Driving through fields I have worked for years I can hardly stay in the seat at 5 mph. Im used to running faster than that. Running down the road with the JD 568 Baler I cant go over 20mph or it starts bucking/ same way with mow/cond.

There are no weights on this tractor. Should I add some. ANY IDEAS


----------



## HayMike (Mar 22, 2011)

Tire pressure correct? Loaded tires might smooth it out.


----------



## Tx Jim (Jun 30, 2014)

Welcome to HT
Ditto on checking tire pressures


----------



## JOR Farm (Aug 27, 2019)

I fill all tires to the max with water then try to run as low of pressure as the tires can stand. This makes them ride much better unless it's a loader tractor then you have to have a lot of pressure up front to carry the load which will sometimes make them hop.


----------



## Gearclash (Nov 25, 2010)

What size are the tires and what is the pressure in them? My attitude toward baling tractor tires anymore is to go toward oversize tires running at lower pressures.


----------



## Moo Farms (Jun 16, 2021)

I checked the Air PSI on this tractor and all 4 tires were at 26 PSI. I set them down to 20 PSI and will give that a try.


----------



## bool (Mar 14, 2016)

While you are at it, lower the rears to 15 PSI.

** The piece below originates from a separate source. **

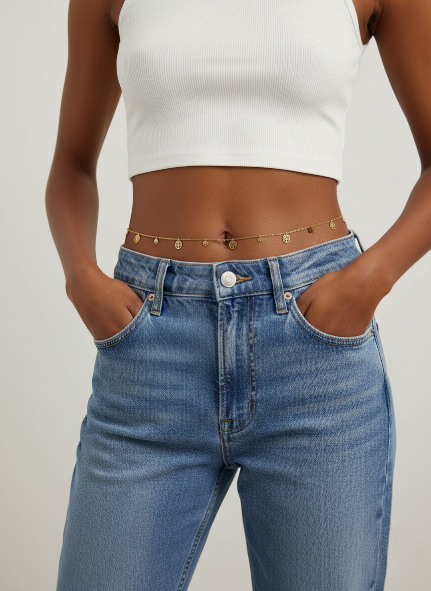 A timeless waist chain made from stainless steel with a premium PVD gold coating, accented with classic coin charms for an elegant statement.
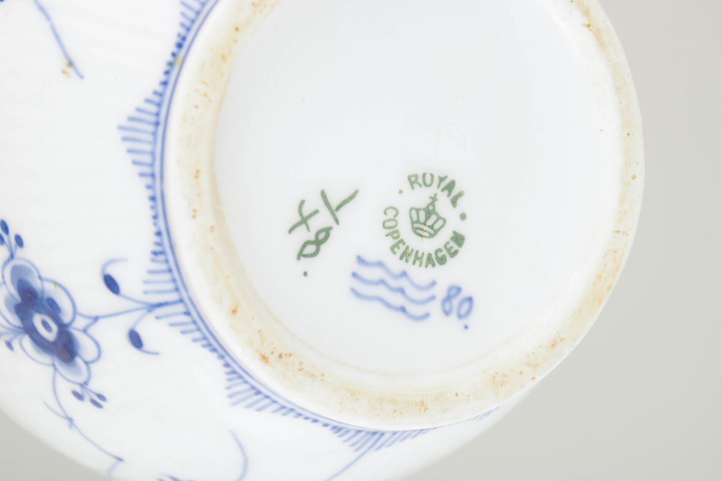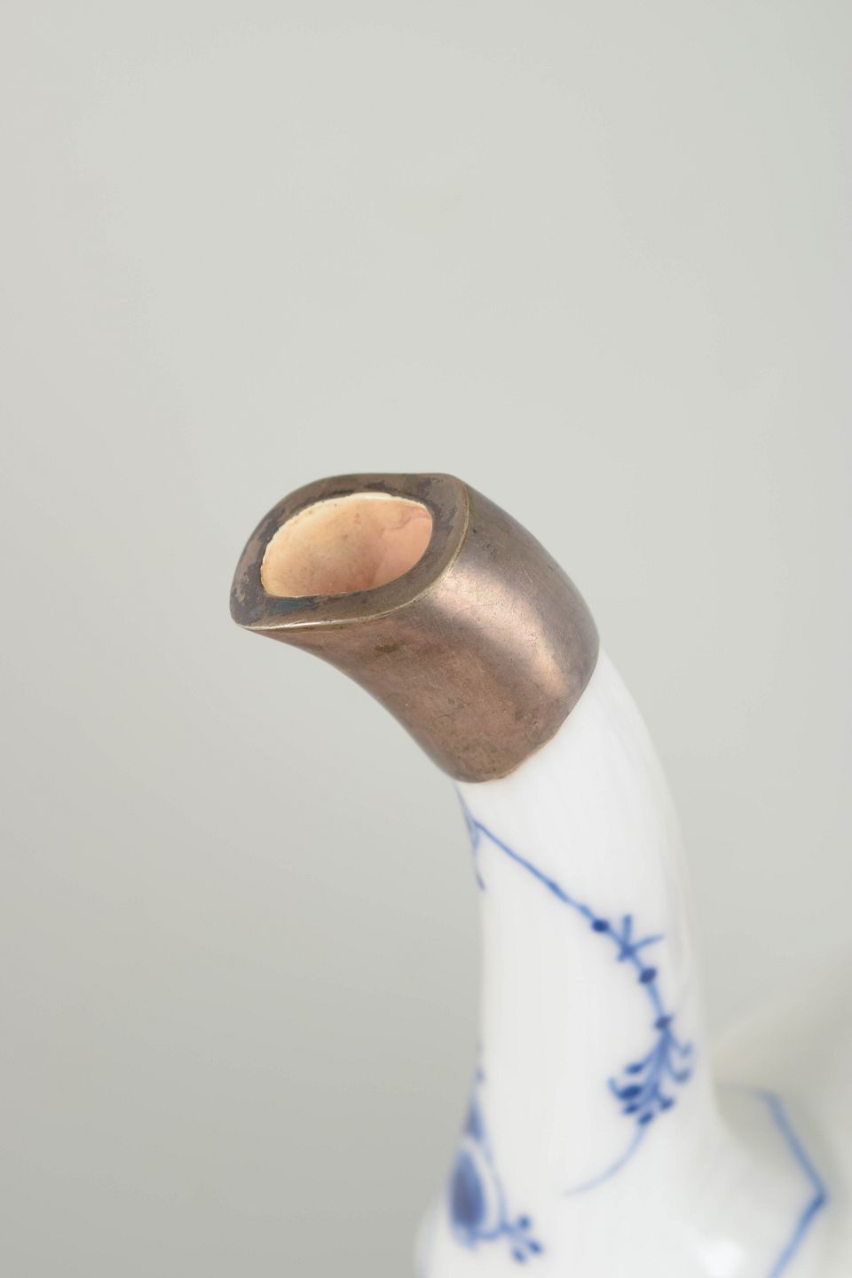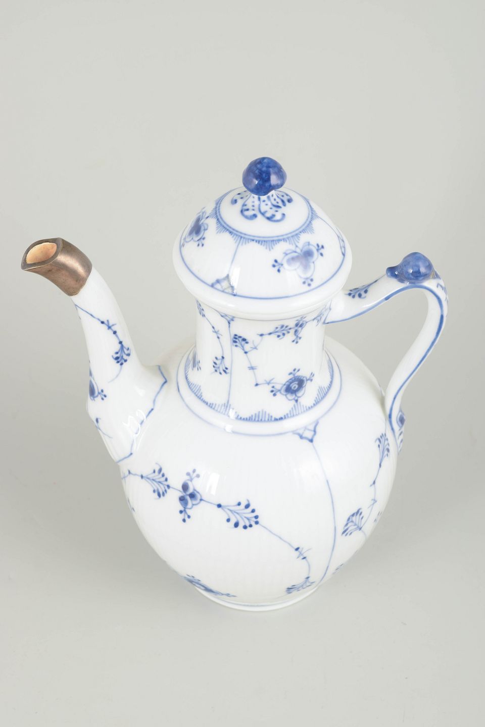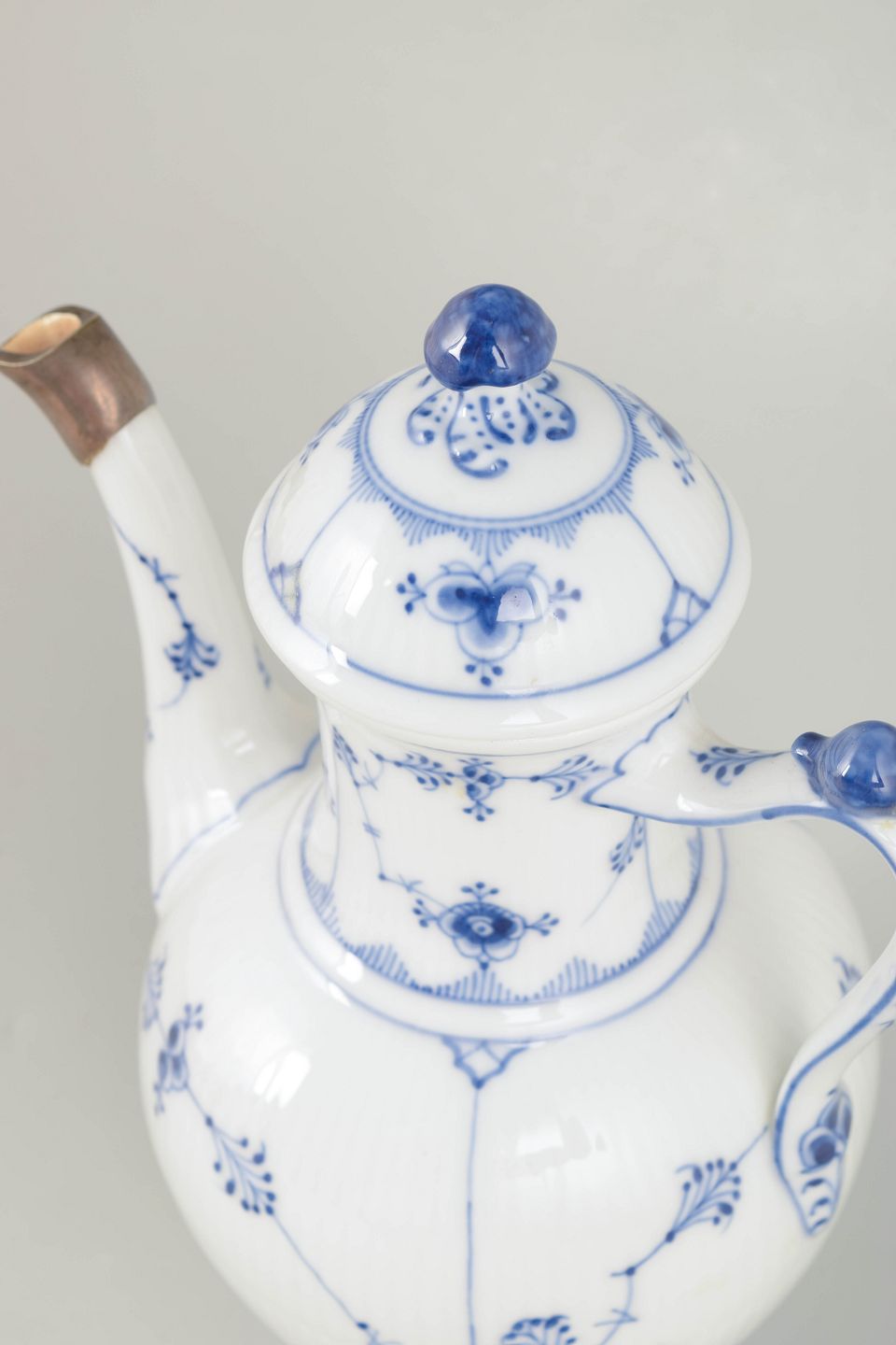 Musselmalet riflet blev introduceret i 1775 og er Royal Copenhagens ældste stel samt et ikon inden for dansk porcelæn. I første halvdel af 1900-tallet var det almindeligt at lade beskadigede tudspidser montere med sølv, hvilket både var en praktisk løsning og i tråd med tidens respekt for håndværk og materialer. Sådanne indgreb vidner i dag om genstandens brugshistorie og værdsættes af samlere.

You could go lower than 20 front and 15 rear but try that for now.

Roger


----------



## dvcochran (Oct 1, 2017)

Others will disagree but some of it is the reality of a 4wd tractor. I agree with filling with fluid and running LOW pressure. As long as you are just pulling and not lifting I think you could go closer to 10 psi.


----------



## Gearclash (Nov 25, 2010)

Ya, its gonna ride like a brick at 26 PSI. I have found that 15 PSI is kind of the the magic point where tractor tires start to ride really nice. It depends on the tire of course. And don’t run under inflated for the tire load. That will shorten tire life noticeably. 

I would not agree with putting fluid in the tires. That reduces the air space and make the tire behave like it is a much smaller tire; when the tire hits a bump or hole the pressure of the air in the tire will spike much more sharply than an un filled tire. Adding iron wheel weights will help.


----------



## Cantrellc123 (Apr 30, 2019)

I have a 6115M and it’s probably the best riding tractor we have on the farm. I don’t really know what the rear tire pressure is but the tires bulge out a bit where they make ground contact. Tire pressure is your enemy in this story.


----------